Another Lawyer Hero

by | 10.4.2018 | Columns

In some stories, it is easy to identify the hero.

In the New York Times bestseller, The Radium Girls, author Kate Moore tells a true story about awful workplace conditions in the early 20th Century. Through the 1920s and 1930s, young women worked in watch-making factories, painting glow-in-the-dark numerals on watch faces using radioactive paint. Their employers provided delicate artist brushes and required each woman to “point” the brush by licking the bristles each time she dipped the brush into the paint supply. Over twenty years, hundreds of these workers suffered radium contamination, which led to disfiguring tumors, rapid bone decay, and premature death. Radium poisoning was incurable, and many workers died from it before reaching age 25. The employers knew of the danger, but the business was lucrative, so they denied any liability and refused to pay for employee health care.

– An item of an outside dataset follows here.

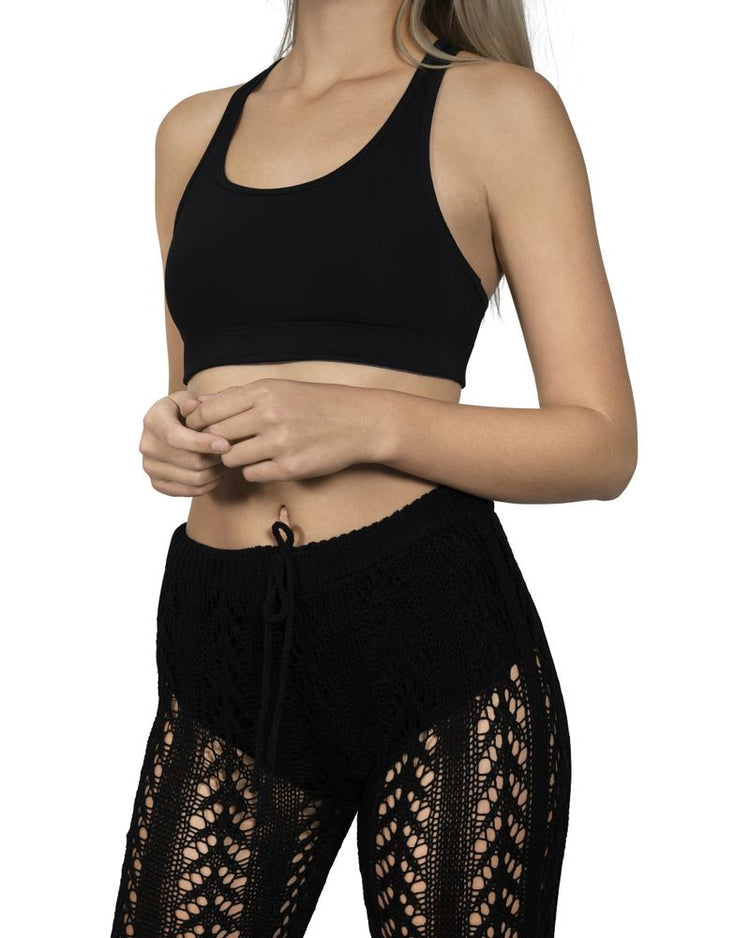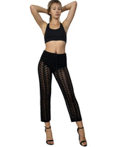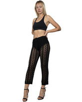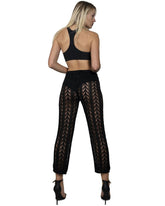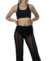 Presenting the stunning Kimridge Crochet Pant in black - the ideal addition to your summer wardrobe! Turn heads on your next beach vacation with these elegant pants. Embrace comfort in warmer weather with these pants made from a breathable cotton blend. Featuring intricate mesh crochet fabric, they add an ethereal charm to your outfit. The waistband includes a drawstring tie to ensure a secure and comfortable fit, so you can feel confident throughout the day. These pants can transition effortlessly from a day of lounging by the pool to a night of strolling on the beach. Match them with your favorite bikini top or a flowing blouse and look effortlessly stylish all day. We're confident about the quality of our product and offer an unconditional return within a 30-day period. Upgrade your wardrobe now and add the Kimridge Crochet Pant to your cart and start planning your next beach adventure! Shop now.

In that era, the law did little to protect workers from on-the-job health hazards. Through the 1920s, many workers sued, but with no real success. Courts dismissed several lawsuits against the watch-manufacturers, with no recovery for the workers. But eventually Chicago trial lawyer Leonard Grossman took up the fight. The Radium Girls describes Grossman’s efforts to win compensation for workers who were poisoned at a watch-making plant located in Ottawa, Illinois. The litigation led to a dramatic trial in 1938, where Grossman’s clients received a verdict holding the company liable for poisoning its workers. Within a few short years after that verdict, all of the radium dial-painting operations in the U.S. had closed.

The Radium Girls is a page-turner, a readable account of a trial that was closely-watched in its day. It is thoroughly researched, with a sweeping story that spans almost three decades.

Because Leonard Grossman was willing to take on a well-funded corporate defendant, against long odds, his clients finally received justice. And because of his hard work, thousands of factory workers may have been saved from near-certain death.  Grossman is a hero for lawyers today, a reminder of how our work can make a big difference.